Thomas : Salut Corentin. Question fort complexe que tu me poses de si bon matin, mais on va essayer de démêler tout ça. Parce que le Pakistan, aujourd’hui, ça évoque pas grand chose au grand public…
Corentin : Oui, parce qu’à part “voisin turbulent de l’Inde” et “endroit où Oussama Ben Laden a été tué”, j’en sais pas beaucoup plus sur ce pays.
Thomas : Eh bien tu devrais, parce que c’est quand même une des puissances nucléaires de ce monde, et que le pays a une des plus grandes nations musulmanes.
Corentin : Bon, alors oublie mes questions en introduction, et réponds d’abord à celle-ci, plus simple : c’est quoi le Pakistan.
Thomas : Eh bien c’est un pays relativement neuf. Il fait suite à la partition de l’Empire britannique des Indes, en 1947; qui donnera naissance à 2 pays et demi : l’Inde, et le Pakistan.
Corentin : C’est quoi cette histoire de deux pays et demi ?
Thomas : Comment dire ça simplement… Le mieux, c’est que je laisse le regretté Jean-Christophe Victor l’expliquer, dans cet extrait de l’émission Le dessous des cartes, de 2016 :
[01 - pakistan.mp3]
Le 15 août 1947, le départ des Anglais entraîne la partition de l’empire, entre d’une part l’Inde et d’autre part le Pakistan, lui-même divisé en deux territoires : le Pakistan Occidental et le Pakistan Oriental, situé de part et d’autre du nouvel Etat indien, à environ 2000 kilomètres l’un de l’autre.
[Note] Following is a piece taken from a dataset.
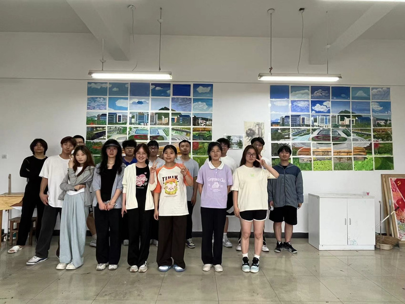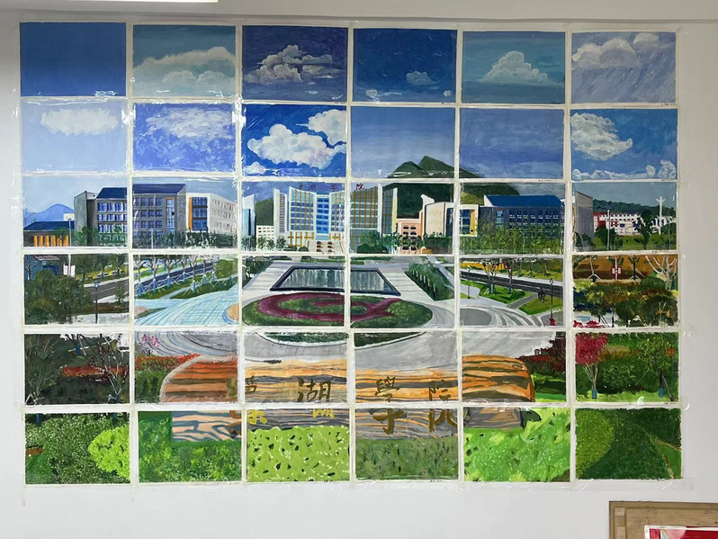任课教师曾鹏选取一张校园景色全貌,分割多份布置任务,要求每位同学描绘校园全貌的一角,最后集体拼接,呈现出艺术与自然相融合的美丽校园。此项任务让每位学生都参与其中,在绘画中既培养学生对画面的整体观察与局部描绘的能力,也展现出学前教育学子们青春勃发的精神风貌和浓浓的爱校之情。

Car les musulmans de l’empire britannique des Indes, minoritaires, voulaient disposer de leurs propres Etats, dans des territoires où ils sont majoritaires.
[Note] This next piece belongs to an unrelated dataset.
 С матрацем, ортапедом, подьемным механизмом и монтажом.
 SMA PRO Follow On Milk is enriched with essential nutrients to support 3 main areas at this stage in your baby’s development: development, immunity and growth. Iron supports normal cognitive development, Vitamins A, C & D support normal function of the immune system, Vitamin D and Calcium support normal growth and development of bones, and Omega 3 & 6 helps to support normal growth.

Voilà d’où viennent les deux pays et demi. La partition va entraîner d’importants déplacements de populations qui vont durer jusque dans les années 1960. En 1971, le Pakistan Oriental fait sécession et obtient son indépendance, et devient le Bangladesh. Mais ça, c’est une autre histoire.
Corentin : Concentrons-nous plutôt sur le Pakistan comme on le connaît aujourd’hui. Le pays existe depuis 1947, OK. C’est une démocratie ?
Thomas : Oui. Mais c’est compliqué. Car une guerre avec l’Inde éclate à propos de la question - toujours pas résolue par ailleurs - concernant la région du Cachemire. Ce conflit, qui mêle intérêts stratégiques, géopolitique et religions, permet au Pakistan de s’affirmer comme un Etat musulman. Mais à l’intérieur, le pays est instable.
Des tensions montent entre Pakistan Occidental et Oriental dans le contexte de la guerre froide, puisque l’Ouest est sous influence américaine alors que l’Est est sous influence soviétique. Une forme de détente intérieure a lieu en 1956 avec l’adoption de la Constitution qui fait du Pakistan une république islamiste. Lors des premières élections du pays, Huseyn Suhrawardy devient premier ministre d’un gouvernement de coalition entre socialistes et communistes, et Iskander Mirza devient président. Fait notable : ils sont tous les deux originaires du Pakistan Oriental.
Corentin : Mais ce qui ressemble à de la stabilité ne va pas durer, j’imagine;
Thomas : Tu imagines bien. Le torchon brûle rapidement entre Suhrawardy et Mirza, notamment sur la question de l’administration du Pakistan Oriental. En 1957, à peine un an après l’accession à son poste, Suhrawardy démissionne. Deux autres premiers ministres lui succèdent cette même année. Le pouvoir dirigeant est très affaibli. Le 7 octobre 1958, sous pression, le président Mirza abroge la Constitution et décrète la loi martiale.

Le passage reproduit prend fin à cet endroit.